I agree with your post. I'd just like to add a couple of comments:
> if the provider (bank) is compromised and salted passwords leaked it doesn't matter, they have already compromised the bank and your account.
It matters if the only thing that was leaked/compromised was the hashed password database, but not much else.
In fact, the ones who leak the hashed passwords may not be the same as those who hack your accounts, just look at all the leaks tracked by https://haveibeenpwned.com and consider that anyone could download those hashed passwords and crack them.
> And i still do not think you can quickly crack a password such as "This15aVERY!!securepasswordEH?!!?"? i could be wrong here
You could be right, but I wouldn't be surprised if you were wrong here...
Decades ago, the "John The Ripper" cracker was already very good at cracking these kinds of passwords (when CPUs were single core and much, much slower, and it wasn't even possible to run software on a GPU).
John the Ripper was already capable of using many extremely extensive word lists (in different languages) to quickly run through many such passwords, and simply mutating the password by using l33t speak and adding a few numbers, symbols or using mixed case are extremely popular password strengthening techniques which the software was still capable of cracking very quickly, since that doesn't add much entropy.
Although at the time it probably couldn't crack such a "long" password, I'm sure this type of software has become better and the hardware has definitely become many orders of magnitude faster and more parallel, so I wouldn't be surprised if the example you mentioned is well within "can crack quickly and relatively cheaply" territory, even when using salt, as long as the service is using a traditional password hashing algorithm (and not one of the newer compute-hard or memory-hard KDFs).
I mean, to have an idea of the magnitude of the problem, the brainwallet cracking stories of a decade ago were already pretty mindblowing (even considering that it's a "no salt" scenario).
I don't remember the exact details, but I think there were cases of people using an airgapped computer to compute the SHA-256 hash of some obscure passage of some obscure book or poem in some obscure language and the bitcoins were stolen within seconds of being transferred to these wallets (although, yes, due to the "no salt" problem, it stands to reason that all of these wallets were pre-computed by the attacker).

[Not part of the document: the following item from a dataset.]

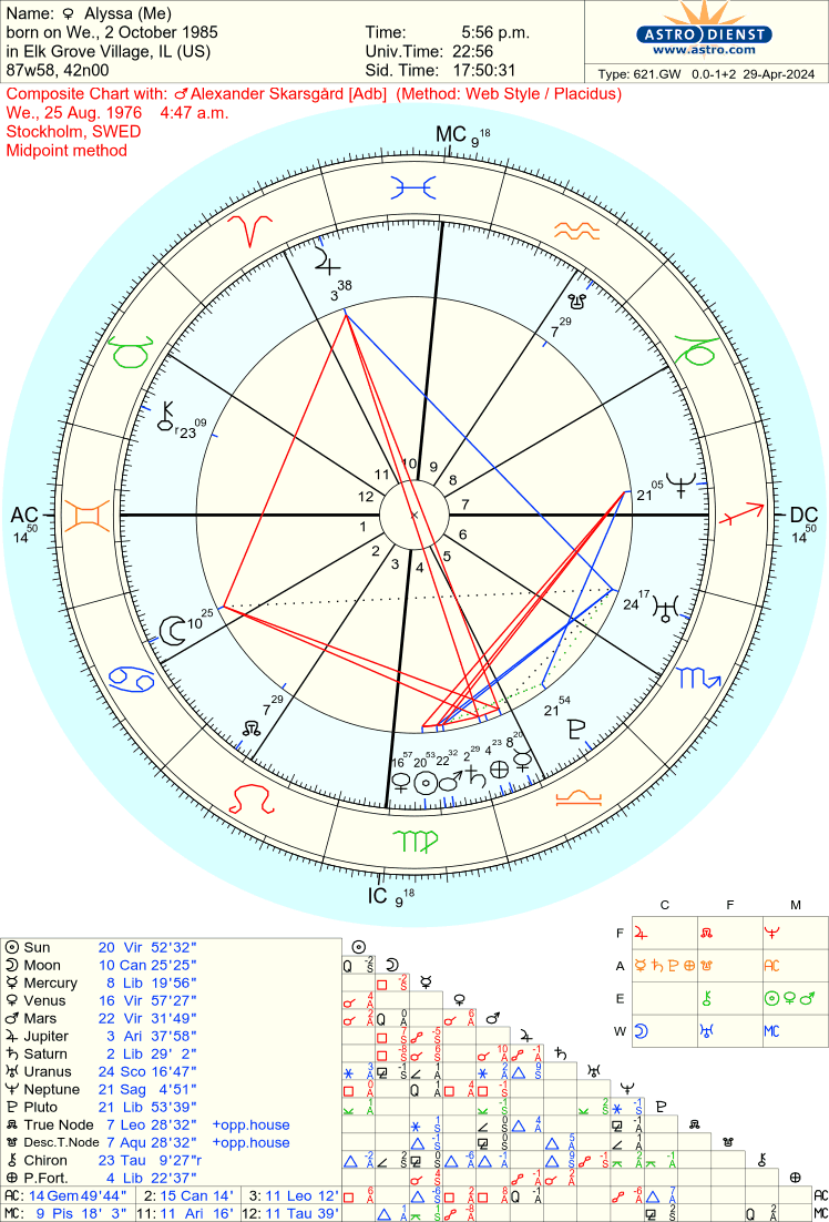 To make explanations easier I have put my birth chart with Alexander Skarsgård’s birth chart, to create our composite chart. BTW, I am writing this article, so I am allowed to pair myself up with anyone I feel like.
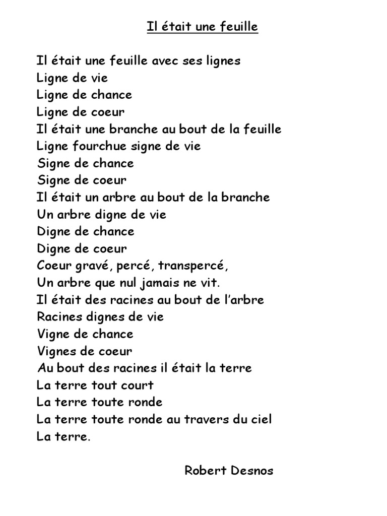 Il était une feuille Voir la pièce jointe 18123 Il était une feuille avec ses lignes Ligne de vie Ligne de chance Ligne de cœur Il était une branche au bout de la feuille Ligne fourchue signe de vie Signe de chance Signe de cœur Il était un arbre au bout de la branche Un arbre digne de vie Digne de chance Digne de cœur cœur gravé. Il était une feuille Il était une feuille avec ses lignes Ligne de vie Ligne de chance. Poésie de Il était une feuille au Cm2 - Lecture compréhension Il était une feuille Il était une feuille avec ses lignes Vignes de chance Lignes de vie Vignes de cœur Lignes de chance Au bout des racines il était la terre Lignes de cœur La terre tout court Il était une branche au bout de.

But still, personally I'd feel a lot more comfortable just using and storing a completely random password with a perfectly known amount of entropy, just to be safe, and deal with the compromised device problem in some other way (such as having a dedicated password management device, like a hardware wallet, if you're really that paranoid).

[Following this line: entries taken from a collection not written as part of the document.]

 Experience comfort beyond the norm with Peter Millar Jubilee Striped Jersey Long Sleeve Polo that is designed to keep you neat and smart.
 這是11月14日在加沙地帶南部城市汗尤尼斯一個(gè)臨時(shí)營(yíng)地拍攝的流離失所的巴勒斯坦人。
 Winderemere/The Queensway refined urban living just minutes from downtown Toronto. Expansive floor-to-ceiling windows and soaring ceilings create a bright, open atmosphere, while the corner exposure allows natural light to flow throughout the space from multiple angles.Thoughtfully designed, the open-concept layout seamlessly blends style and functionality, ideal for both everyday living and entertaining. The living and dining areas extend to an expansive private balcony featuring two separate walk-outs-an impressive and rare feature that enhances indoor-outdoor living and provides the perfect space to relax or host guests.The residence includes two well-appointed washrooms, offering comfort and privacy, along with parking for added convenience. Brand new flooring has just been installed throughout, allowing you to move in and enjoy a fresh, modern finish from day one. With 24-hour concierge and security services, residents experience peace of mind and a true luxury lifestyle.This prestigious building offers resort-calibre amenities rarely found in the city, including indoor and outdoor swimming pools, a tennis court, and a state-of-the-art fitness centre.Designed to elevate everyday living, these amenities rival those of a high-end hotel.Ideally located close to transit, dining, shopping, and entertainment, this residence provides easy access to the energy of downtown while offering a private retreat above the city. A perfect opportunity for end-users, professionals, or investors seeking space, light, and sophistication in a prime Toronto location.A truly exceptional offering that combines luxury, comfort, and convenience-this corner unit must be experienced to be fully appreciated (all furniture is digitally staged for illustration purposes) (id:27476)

you were the one that compared it to ssh keys and again: you do not secure root accounts with an ssh keys. Or are you arguing that you should just drop public ssh keys into /root and enable root login?
so how are passkeys are different then ssh keys? there is a private and public key, and if someone gets your private key they get access to everything it unlocks.

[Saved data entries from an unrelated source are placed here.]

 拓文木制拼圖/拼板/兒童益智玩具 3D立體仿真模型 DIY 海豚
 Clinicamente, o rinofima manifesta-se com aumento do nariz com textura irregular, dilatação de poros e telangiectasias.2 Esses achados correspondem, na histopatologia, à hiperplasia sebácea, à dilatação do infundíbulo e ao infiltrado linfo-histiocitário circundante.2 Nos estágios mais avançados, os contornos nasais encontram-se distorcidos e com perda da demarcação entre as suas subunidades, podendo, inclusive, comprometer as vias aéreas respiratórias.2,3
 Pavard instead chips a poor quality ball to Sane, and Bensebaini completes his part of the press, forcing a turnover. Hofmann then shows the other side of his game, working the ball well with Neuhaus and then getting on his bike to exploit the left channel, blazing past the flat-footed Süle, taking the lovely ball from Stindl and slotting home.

they can be sync'd between devices (ie from a secure to compromised), exported, etc exactly like a private ssh key
also i'm not here arguing against passkeys - just pointing out that a long, unique password used in 1 place, that is also not saved anywhere digitally and only exists in my head is going to be more secure then passkeys due to the nature of how they work.
IMO physical security keys are better left as second-factor authentication, to be used _in addition_ to passkeys in certain high-security contexts; particularly where resistance to cloning is a critical feature. Resident keys aren't necessary for that use case since by the time you get to the second factor step you already know the account you're trying to log into.
Further, the autocomplete functionality afforded by resident keys is important for the UX of passkeys in my opinion. I don't think it makes sense to sacrifice that in order to to retain backwards compatibility with a small number of keys that only security nerds use. (Though if there were a way to maintain that UX without using resident keys I'd be cool with that.)